Kubota has projects across these pillars in various stages of maturity, with some already live and some still in experimentation. Kakkar’s litmus test for pursuing a project depends on whether it has a clear purpose, goal, and measurable objectives. If all three are in place and there is visibility at the board level, Kakkar says the project will be readily funded.
AI in action
One such project that Escorts Kubota has pursued concerns personalized marketing. The company segments customers who visit its website into various profiles and then uses AI and ML to provide tailored agronomic advisory.
For example, a customer who peruses the offers on their website will primarily get communications around discount schemes. A customer who looks at different content, such as those relating to horsepower or implements, would be served different content.
“Then we are giving the USP [unique selling proposition] on how our products are suitable for their respective crops, what kind of horsepower they can use, and what kind of implement they should use to increase the yield of their crop,” says Kakkar.
This initiative currently uses static data, but Kakkar has bolder ambitions for its agronomic advisory. He says that it may start ingesting online data through IoT devices so that it can provide recommendations based on the actual conditions of its feed.
“So whether he needs to use pesticide, what could be the percentage, what is the soil condition, how they could use that, and what is their tractor uptime — how they can ensure the tractor is up and running during the peak season of their harvesting or maybe sowing season,” he says.
Never sell tech for the sake of tech
Kakkar also believes that AI, ML, and automation projects should be inclusive. “You need to ensure everybody understands what you are trying to do and be part of your project. Whether the role is small or big — they should be part of the project,” he says.
Escorts Kubota’s ecosystem of stakeholders includes the organizations they sell to and, just as critically, the end users of these products. Some stakeholders may not have a tech background and thus not immediately appreciate the need for cutting-edge technologies.
Kakkar structures its communication around two pillars. The first is based on how the solution will help them. For example, Kakkar says that they might share how a tool would free up time for higher-level analysis rather than losing time to routine, day-to-day operations.
The second involves mapping their business or career goals. “If someone would want them to be elevated to the next role, we tell them, ‘If this kind of model would help you to manage your job, then you could focus on the bigger role. You can take more responsibilities,’” he says.

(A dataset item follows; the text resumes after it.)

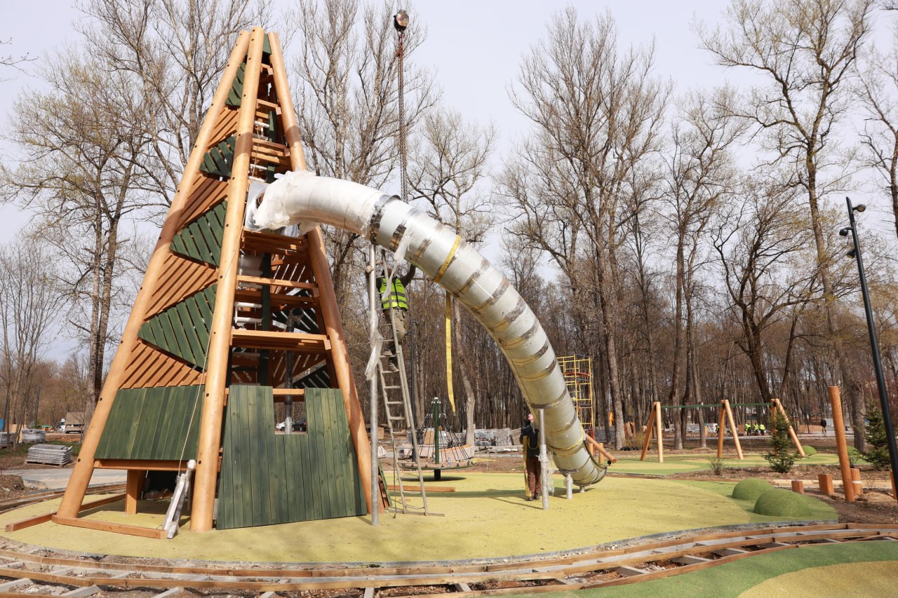 В парке появится площадка для игры в волейбол, теннисные столы, игровые, спортивные и воркаут-площадки, а также место для выгула собак. По всей территории обновят освещение, заменят ограждение, на центральной площади установят сцену, аттракционы и колесо обозрения, перенесут в новое место автогородок.
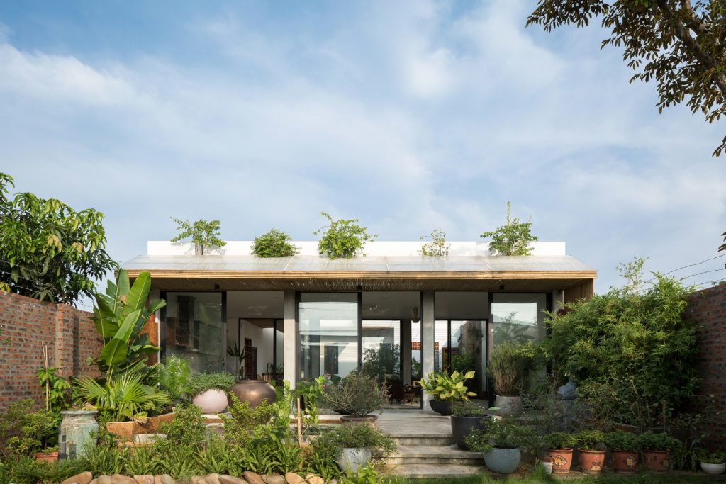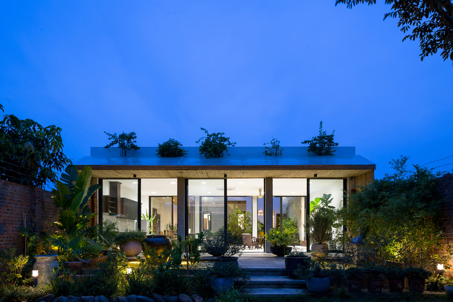 Dế House ở ngoại thành Hà Nội với tổng diện tích là 560m2, diện tích xây dựng 200m2, do 365 Design thiết kế và hoàn thiện.

Such messaging has its challenges. If a technology is good enough to fulfill a task, what stops it from taking over the rest of their work? “So they also have a fear of losing the job,” says Kakkar, concerns which are addressed through discussions with management and HR where they clarify that tech-enablement is the only goal, not workforce reduction.
Cleaning and defining your data
Once they are successful, Escorts Kubota can assist these stakeholders in adopting their solutions. For example, some of their potential customers use traditional digital dashboards as the legacy solution.
Kakkar says they are keeping this underlying technology the same.
“We are accumulating the data by creating the pipeline from all the sources, putting it into the data lake, and helping them to understand the unknown in the data, which they are not able to visualize by having the static database, static KPIs, or dashboards,” he says.
He points to data cleanliness as a major challenge in this workflow. “Because when you are ingesting the data from your legacy system, you need to ensure the integrity of the data,” Kakkar says.
A related challenge is that data must be labeled and defined consistently. Kakkar says that they created complete mapping access for everyone’s reference.
“We had created two-dimension mapping tables: source, target; so that the people would know, ‘Okay, if this is the source, how the data was coming, this is the target on the other side, and now how this has been converted,’” he says.
Although Escorts Kubota is still early in its AI, ML, and automation journey, Kakkar acknowledges that the human element will play the most crucial role. Because people are often hardwired to the status quo, Kakkar says that any project rightfully involves changing the mindset of the people involved.
“We need to do a little more homework, help them to visualize the technology, and how that can help them. And also how they could improve their business rather than just telling them, ‘This is the technology project they need to adopt,’” Kakkar says.